Persistent Prayer (Luke 18:1-8)



The parable of the persistent widow seems to have suffered from “meaning drift.” In the context of the teaching about the coming kingdom, it is less a story about nagging God for what you feel like you deserve, and more about the persistence of faith in a cruel world as we wait for God’s justice. This is highlighted in the last statement: “When the Son of Man returns, will He find faith?” i.e. Faithful servants.

Today this is often taught, as so many prayer passages are, as a formula or a key to get what you want out of God. See how the widow nags the judge so much that he gives in? That is how you should approach God, since He loves you anyway and wants to give you your heart’s desires. This is an understandable distortion in our affluent, comfortable, Western Christianity. However, for most of Jesus’s followers throughout most of Christian history, it is easier to see the widow’s attitude. She is not some “Karen” complaining that she hasn’t got what she wanted. She is an oppressed, weak person in society who is being mistreated. Christians throughout history know this condition.
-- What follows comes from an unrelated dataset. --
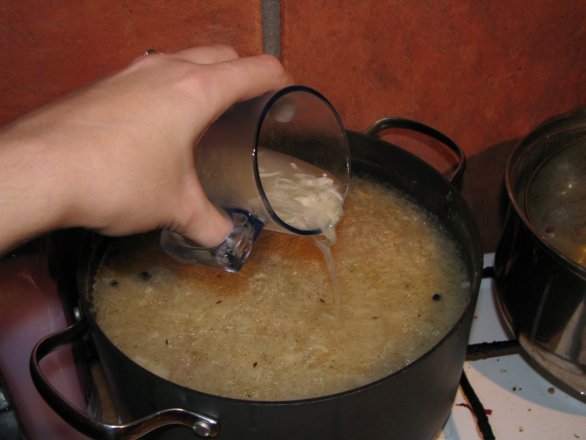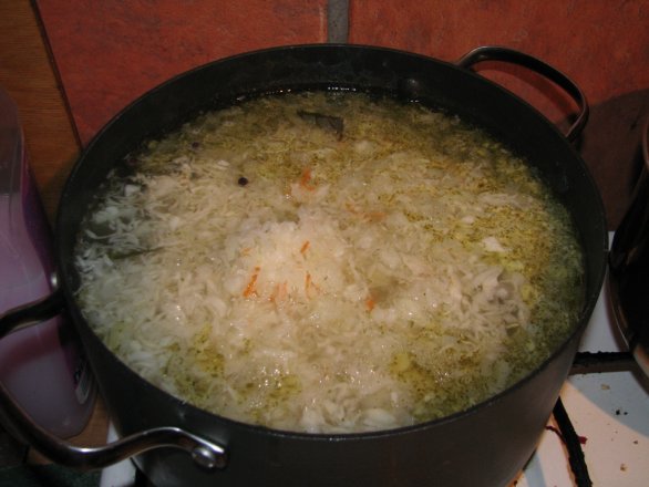 Kad gaļa ir pusmīksta, pievienoju apmēram 4-5 ēdamkarotes miežu putraimus un ļauju kādas 10-15 minūtes pavārīties. Tikmēr ņemu skābos kāpostus, pirms likšanas katlā nedaudz nospiež sulu un sagriež smalkāk, ja vēlas. Sulu nelej laukā!
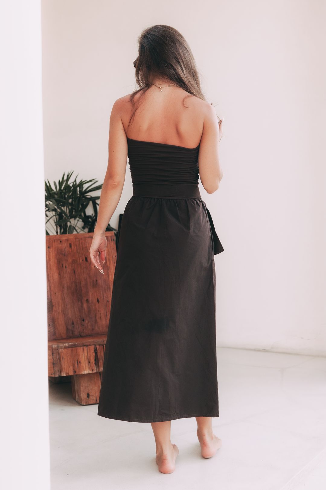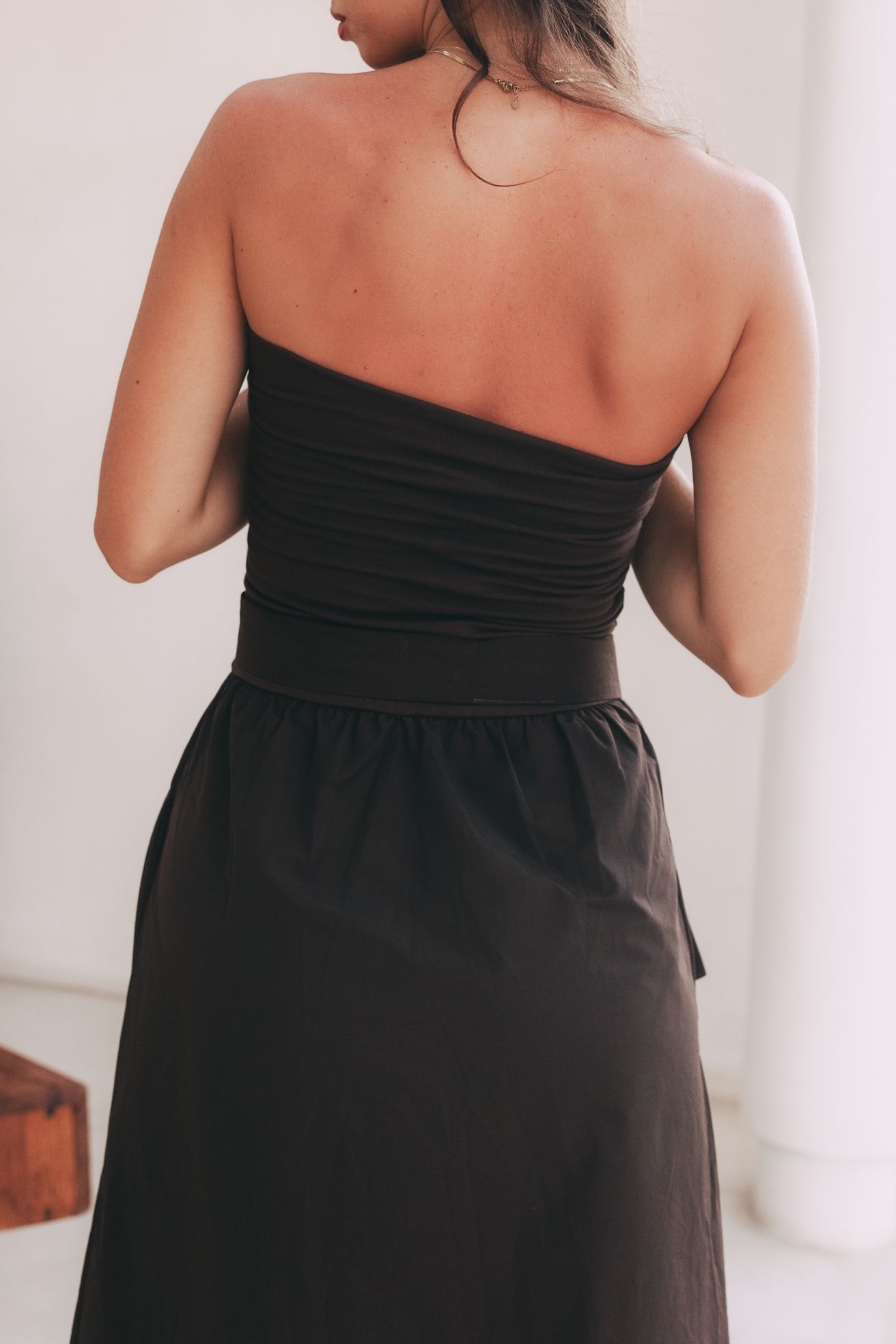 Objevte dokonalou rovnováhu mezi minimalismem a ženskostí. Midi šaty Mumbi bez ramínek jsou navrženy pro ženy, které ocení nadčasový střih a čisté linie.

However, many Western Christians today are in cultures where they have been used to being privileged, not oppressed. They are affluent, not poor. They are the judge, not the widow.

This is a good reminder to not mistake the comfort and affluence we are experiencing for God’s blessings. If anything, we may have become too comfortable in the world, compromising who Jesus wants His followers to be.

Instead, identify with the oppressed, the poor, and the suffering. Persist in asking God to correct the wrongs of the world in His returning kingdom. Be the faithful servants He will be looking for when He returns to do away with the oppressive, sinful systems that hold so many people down. Even if they don’t seem to be hurting you all that much right now.